For a very detailed look at running Clojure applications with Leiningen, see How Clojure Babies Are Made: Understanding lein run by Flying Machine Studios.
If I now specify the filename:
lein run ~/tmp/testfile-utf8.txt
then the application will produce same output as above, because my testfile-utf8.txt
contains the
same text as test-str
in the code.
Put it in a JAR
Leiningen has already equipped the project file with the means to make a standalone application. That is done by creating an “uberjar”, which packages up the application and all its dependencies so that it can be run using the Java VM. So if, in the project directory, I say:
lein uberjar
Leiningen responds with:
Compiling com.coniferproductions.ucdump Created /Users/Jere/Projects/ucdump/clojure/target/uberjar/ucdump-0.1.0-SNAPSHOT.jar Created /Users/Jere/Projects/ucdump/clojure/target/uberjar/ucdump-0.1.0-SNAPSHOT-standalone.jar
Now I can take this JAR and run it as a normal Java application:
cp target/uberjar/ucdump-0.1.0-SNAPSHOT-standalone.jar ~/tmp java -jar ~/tmp/ucdump-0.1.0-SNAPSHOT-standalone.jar ~/tmp/testfile-utf8.txt
The output is the same as above.

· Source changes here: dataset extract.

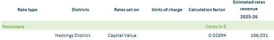 2.3.16.3. Haumoana Te Awanga – based on rating units in Hastings District within the Haumoana drainage area on a capital value.
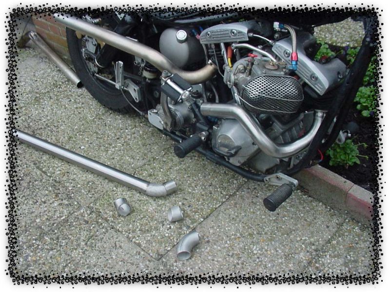 pipes and the pipes of a lot of other bikes 16) This is how far we got today, now it is time for more a lot more welding and grinding..... ![]() The finished pipes, except for the rear mounting brackets. Although they are not exactly like the drawing, I like 'em! More new pics in MyBikes

However, if you neglect to provide the filename when you run the application, you will get an ugly error message:
Exception in thread "main" java.lang.IllegalArgumentException: No implementation of method: :make-reader of protocol: #'clojure.java.io/IOFactory found for class: nil
and a stack trace, which might make no sense at all. There is no need to add extensive command-line argument
handling to the application (if you need that, take a look at the tools.cli
library), but it’s good
to do a quick check for the missing argument. This requires one little change in the -main
function:
(defn -main [& args] (when (not= (count args) 0) (let [characters (slurp (nth args 0) :encoding "UTF-8")] (doseq [line (character-lines characters)] (println line)))))
If the argument count is not zero, read from the file specified in the first argument; otherwise do nothing.

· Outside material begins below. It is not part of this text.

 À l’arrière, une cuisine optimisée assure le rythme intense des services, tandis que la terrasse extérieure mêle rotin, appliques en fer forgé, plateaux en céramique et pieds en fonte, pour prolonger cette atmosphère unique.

To make ucdump a proper UNIX-style tool, it should read from standard input if there is no filename. Maybe I’ll update it to do so when I find out how. For the latest version of the source, see the ucdump GitHub repository.
Onwards
This concludes the series. I realise I have perhaps irrevocably managed to combine the words “functional”, “programming” and “stupid”, but the real intent is in the “without feeling” part. I’ve sometimes felt that I would need to be some sort of genius programmer to understand Clojure, and certainly some proponents make Clojure sound so obvious that you can’t help thinking if there’s really something wrong with me. There must be something in the air (and not just Clojure/conj coinciding, which I honestly didn’t know about), since I just found out that Adam Bard had published Clojure is not for geniuses on 18 November 2014, a day after I started this series. That’s parallel evolution at work!

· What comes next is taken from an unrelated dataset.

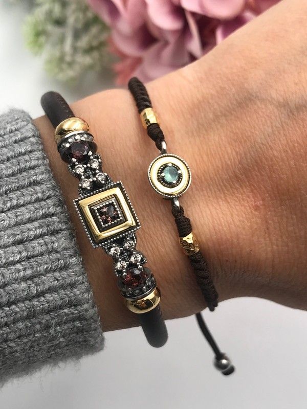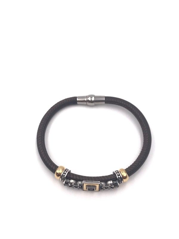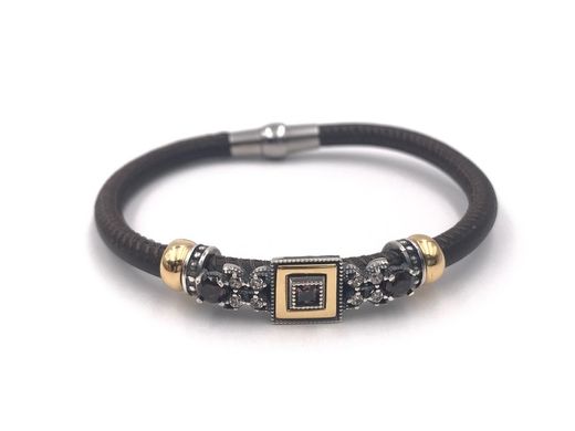 Pulseira artesanal em prata de lei envelhecida com detalhes banhados a ouro e zircônias cúbicas marrons. A pulseira de couro possui fecho magnético para facilitar a colocação e retirada. Desenhada e fabricada na Espanha. Modificações são possíveis (sob consulta).

I wanted to tease out some practical aspects of Clojure without theory or condescension, and hope that this series helps you learn a little more about Clojure programming.
UPDATE 2014-12-14: After nearly a month, I’m closing the comments on all parts of this series, because nothing but SPAM appeared.
UPDATE 2020-02-23: Corrected typos and formatting.
UPDATE 2021-09-19: Corrected an embarrassing logic error in combining offsets and characters.